Ancestral Roofs

"In Praise of Older Buildings"

Tuesday, November 12, 2019

Crosby, Still

A little over a year ago, July 2018 as it turns out, I explored some the self-described gems of the Rideau (although you wouldn't get any argument from me) thanks to a little pamphlet painstakingly researched and carefully printed by the good folks of the Heritage Advisory Committee of the Township of Rideau Lakes. Today I came upon this file of photos, and I love them still.

Although it's always tricky combining combing the horizon for architectural stories and keeping between the ditches, I managed to find a spot to pause and ponder the Robert Leggett Farmstead along Crosby Road.

The homesteader's story was played out on this hilly farm - a drumlin of rich soil, legacy of the glaciers - enough to produce some wealth, or at least the optimistic growth of a large barn quadrangle.

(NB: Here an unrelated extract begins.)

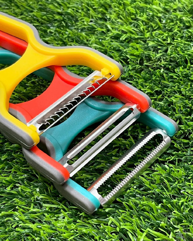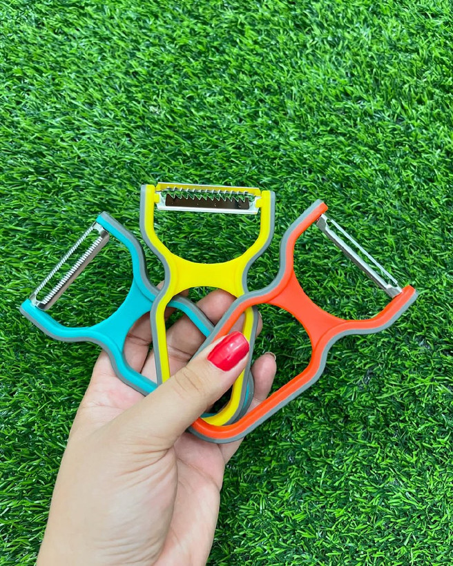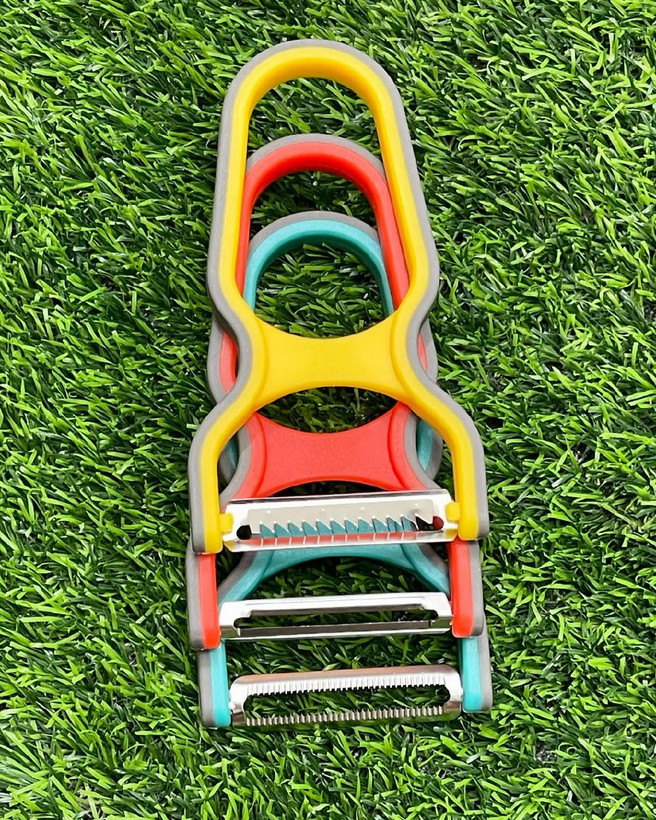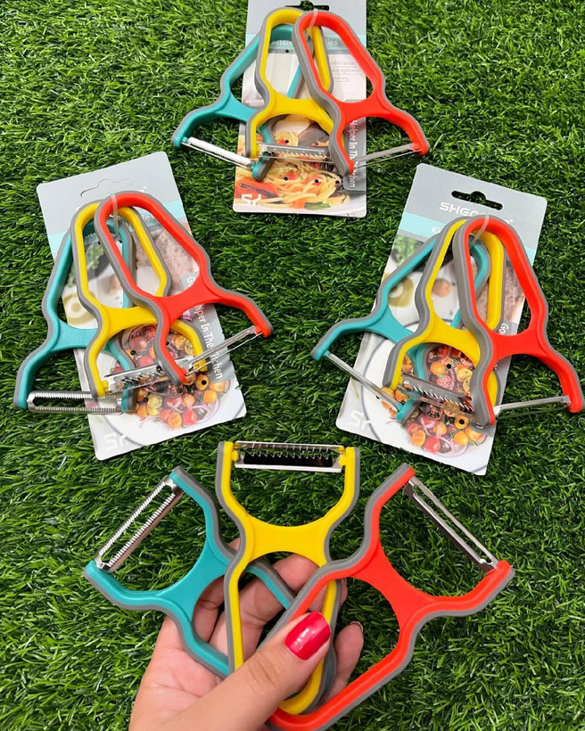 ست ۳ عددی پوستگیر و رشته کن ژیلتی از برند وارداتی شنگیا . شامل دو عدد پوستگیر(یکی تیغه صاف،یکی تیغه مجعد) و یک عدد هم رشته کن . جنس: پلاستیک با تیغه های بسیار تیز .

It all started with a log house of course, in the way of such things. Then later, in the 1860s, a hopeful plain frame house.

By 1907, a fine brick foursquare house with a proliferation of dormers, and double enclosed porches obscuring some likely pretty fine brickwork. The guide suggests "an Ionic-style classic revival appearance." Not sure what that might be, but I suspect there could be some some Edwardian classical influences under all that verandah?

Couldn't get close enough to see the bell the guide describes either, but it's said to have been on the roof, for calling workers in for supper.